Seriously, Behringer has a history of taking another company's product, analyzing it, and building a clone with cheap parts to sell for less. You might be interested in this page:

http://joyce.eng.yale.edu/~michaelf/behringer.html

Stay far away. Stay far, far way.


----------



## Foxinabox10 (Sep 1, 2004)

The latest legal trouble of Behringer was in 1998. Most of the products they are selling now have been developed since then. All the companies are competing for the same market. If they stole technology from another company, they would not have, say the smallest increments for feedback prevention.

Stay very close. Stay very, very close.


----------



## Nephilim (Sep 1, 2004)

Foxinabox10 said:


> Go to http://www.behringer.com/DSP8024/index.cfm?lang=ENG and look at that Behringer.



The DEQ2496 is a much better unit.


----------



## ETCalltheway (Sep 2, 2004)

I've always been impressed with Behringer. I, personally, put them up there almost with Mackie.


----------



## DMXtools (Sep 6, 2004)

I have an ancient Peavey Autograph (about ten years old). It combines a DSP-based graphic EQ, real-time analyzer and pink-noise generator in one rack space. You run the pink noise through the PA, move a calibrated mic. around the room, and the DSP uses the RTA to tweak the EQ to the room automatically. I used to put it in series with a more-conventional 31-band graphic - as the room fills with people, the characteristics change. I don't want to pump noise through the PA with the house full, so I used the Autograph to set a baseline, then the standard graphic to tweak by ear to compensate for the size of the crowd.

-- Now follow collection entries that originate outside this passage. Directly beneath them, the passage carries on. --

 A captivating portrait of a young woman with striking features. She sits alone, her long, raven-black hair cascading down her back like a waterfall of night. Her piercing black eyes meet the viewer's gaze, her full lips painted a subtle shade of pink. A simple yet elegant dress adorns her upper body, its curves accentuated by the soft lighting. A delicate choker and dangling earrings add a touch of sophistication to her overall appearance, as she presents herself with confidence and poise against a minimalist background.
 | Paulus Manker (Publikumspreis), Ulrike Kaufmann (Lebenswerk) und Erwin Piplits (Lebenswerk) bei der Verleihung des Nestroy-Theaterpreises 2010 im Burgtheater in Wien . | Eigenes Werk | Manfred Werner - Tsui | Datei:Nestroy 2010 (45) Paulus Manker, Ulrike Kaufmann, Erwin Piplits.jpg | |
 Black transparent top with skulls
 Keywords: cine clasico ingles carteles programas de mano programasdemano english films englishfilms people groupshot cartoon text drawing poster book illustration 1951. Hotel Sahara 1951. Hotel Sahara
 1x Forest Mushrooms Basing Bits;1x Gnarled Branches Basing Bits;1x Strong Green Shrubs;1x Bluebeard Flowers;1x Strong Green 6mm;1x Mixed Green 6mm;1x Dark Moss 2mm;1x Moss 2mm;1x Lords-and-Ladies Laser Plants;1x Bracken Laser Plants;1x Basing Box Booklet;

After a couple years, I got good enough tweaking by ear that I pulled the autograph out of my rack to make room for another compressor.

John

John


----------



## mr_sound (Sep 20, 2004)

I wouldn't waste your money on behringer's feedback destroyers. I've been using them for a while now on my monitor mixes, and it's just a complete pain. It's ok if you have a graphic as well as the destroyer...that way you can still prevent it from taking too much of the "life" out of your mix. Sure you can save time with them, and if you know your frequencies really well you can use it as a 10 channel parametric eq, but I'd personally rather have a graphic. Plus these things seem to always attack the wrong feedback. For me all my filters end up being used to go after something that was similar to feedback, or even feedback from guitar amps bleeding into the vocals mics.

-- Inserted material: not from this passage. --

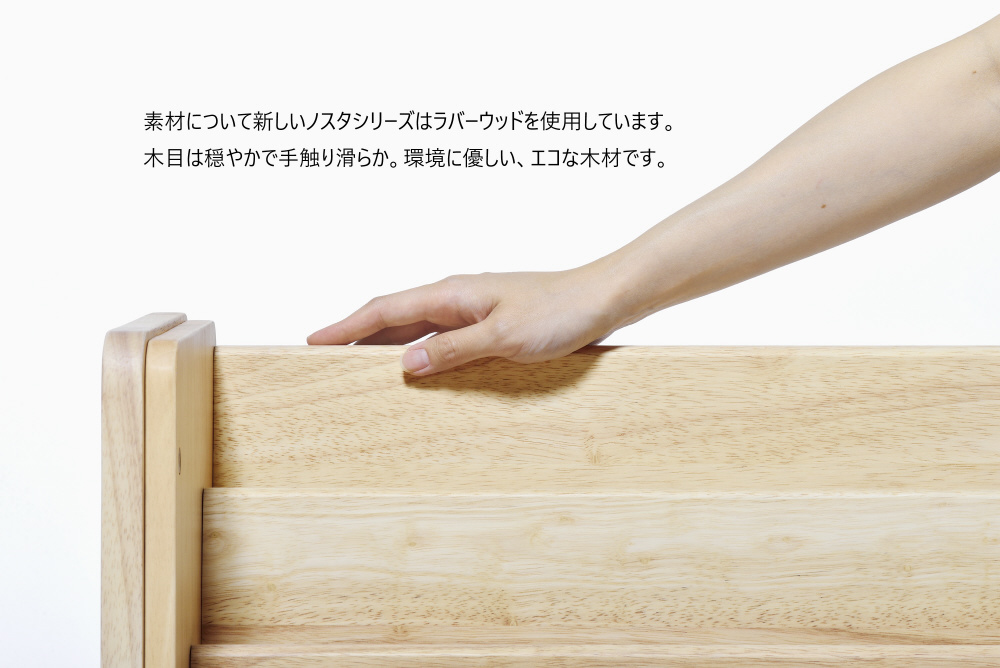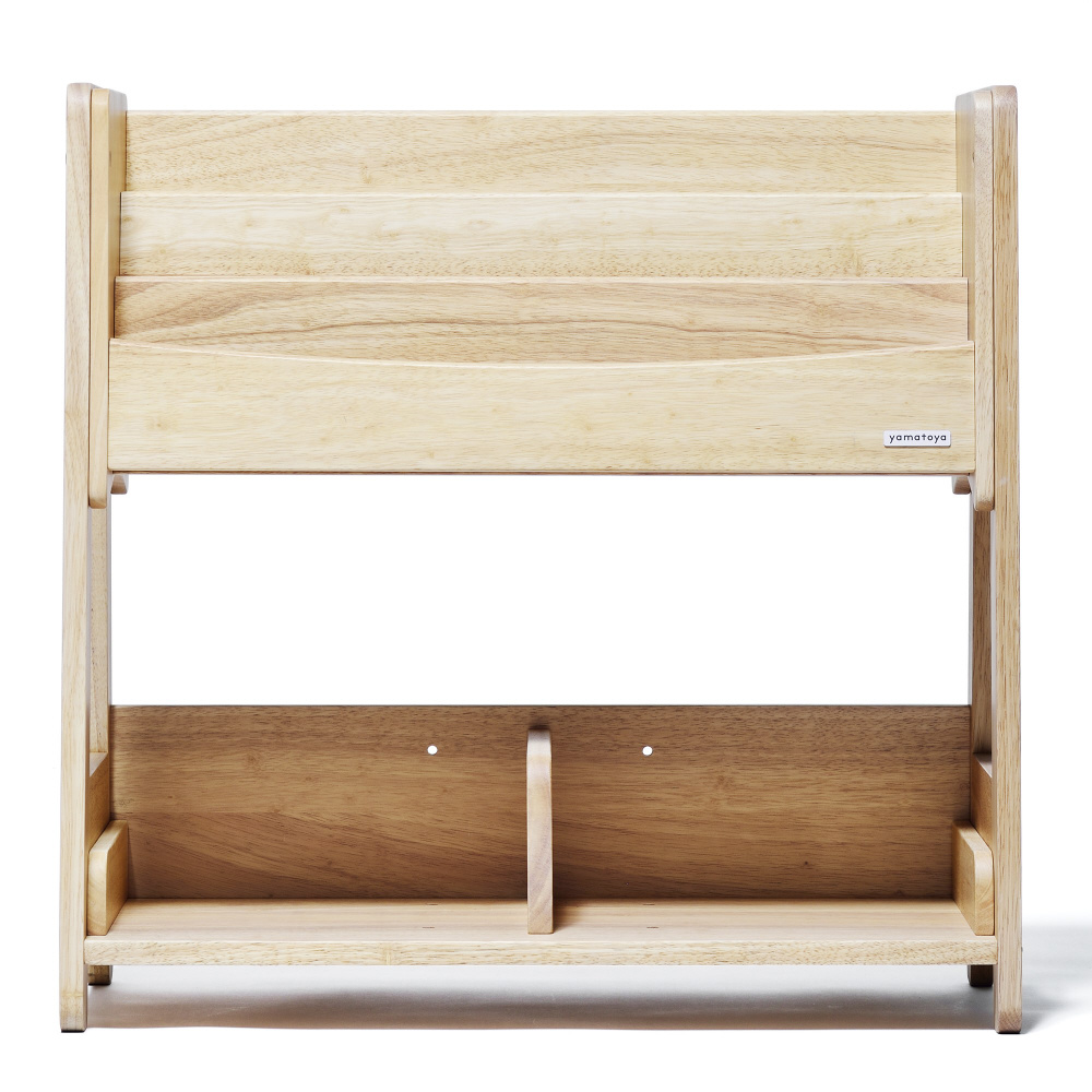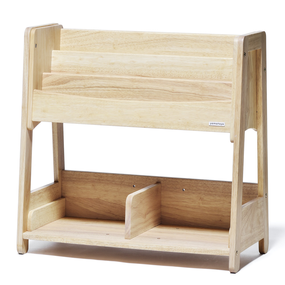 ●小さなお子さまでも出し入れしやすい高さ。ブックシェルフは上段だけでも使用可能です。●上部の本棚は、本の表紙が見やすくなっています。好きな本を見えるように置いてディスプレイにも。●棚板は可動式で3箇所に変更可能。ご家庭にあわせた収納ができます。●新しいノスタシリーズで採用したラバーウッドは、かつて天然ゴムの原料として樹液採取後、廃棄されていたものです。しかし、現在は家具や建築で有効活用されているサステナブルな木材です。

Now I don't know about behringers fancy new graphic with the auto feedback detection, but I've had the older one...without feedback detection...in my rig for a long time, and it has never failed me. *knock on wood* Lately I've been losing a lot of faith in behringer due to random things failing. I stopped using my behringer 32 channel board since 2 aux sends just completely died on me...plus the tape in and out were wired backwards (so in was really out). The feedback destroyers have had a few connectors fail (the XLR ones...1/4" held up just fine), and the outboard preamps for the digital board are putting a very weird metallic buzzing sound on everything. I never know what's going to fail next with them. 

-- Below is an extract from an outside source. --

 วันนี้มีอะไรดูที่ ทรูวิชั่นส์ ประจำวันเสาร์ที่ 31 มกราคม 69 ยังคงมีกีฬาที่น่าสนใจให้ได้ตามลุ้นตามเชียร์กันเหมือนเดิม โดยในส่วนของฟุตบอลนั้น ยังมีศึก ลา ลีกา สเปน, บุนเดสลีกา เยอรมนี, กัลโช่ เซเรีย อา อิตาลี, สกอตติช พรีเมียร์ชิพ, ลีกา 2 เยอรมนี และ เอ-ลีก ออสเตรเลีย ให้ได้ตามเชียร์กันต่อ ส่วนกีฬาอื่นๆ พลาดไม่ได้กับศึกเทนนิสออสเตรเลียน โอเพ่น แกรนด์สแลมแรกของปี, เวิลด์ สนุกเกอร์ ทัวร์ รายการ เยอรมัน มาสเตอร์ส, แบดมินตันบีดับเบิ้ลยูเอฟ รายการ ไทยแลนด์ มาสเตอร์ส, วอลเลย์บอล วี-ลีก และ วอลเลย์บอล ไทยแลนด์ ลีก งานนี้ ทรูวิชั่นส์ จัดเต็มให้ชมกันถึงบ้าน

I'm not one to rag on this lower level gear..I know people need to buy what they can afford..I'm one of them.......but behringer has really been dissapointing me. I buy most of their things due to the features...but you gotta really look into the product before you buy it for a specific use. The thing I loved about the digital board was all the onboard processing and effects. But if you actually use it you find out all the aux sends are POST eq, and processing. What good is that for monitors? 

But there are some behringer products that work rather well......the graphic that I have being on of them, and their direct boxes work really well. And the lighting board is a really good deal for the price.


----------



## who_touched_the_patch (Sep 20, 2004)

if you've ever used an eurolight lc2412 light board, you'll never mix behringer and lights again.

sure, they can do sound, but get them near 3phase and ur stuffed.


----------



## Mayhem (Sep 20, 2004)

Not sure that I can see the relationship between this particular desk and 3 phase power?


----------



## tenor_singer (Sep 20, 2004)

I use an Eurodesk 24-channel 4 bus behringer mixer. I have been impressed with it. I think that is has offered quite a bit a bang for the buck, and considering that many small high schools have tight theater budgets, it is a good model.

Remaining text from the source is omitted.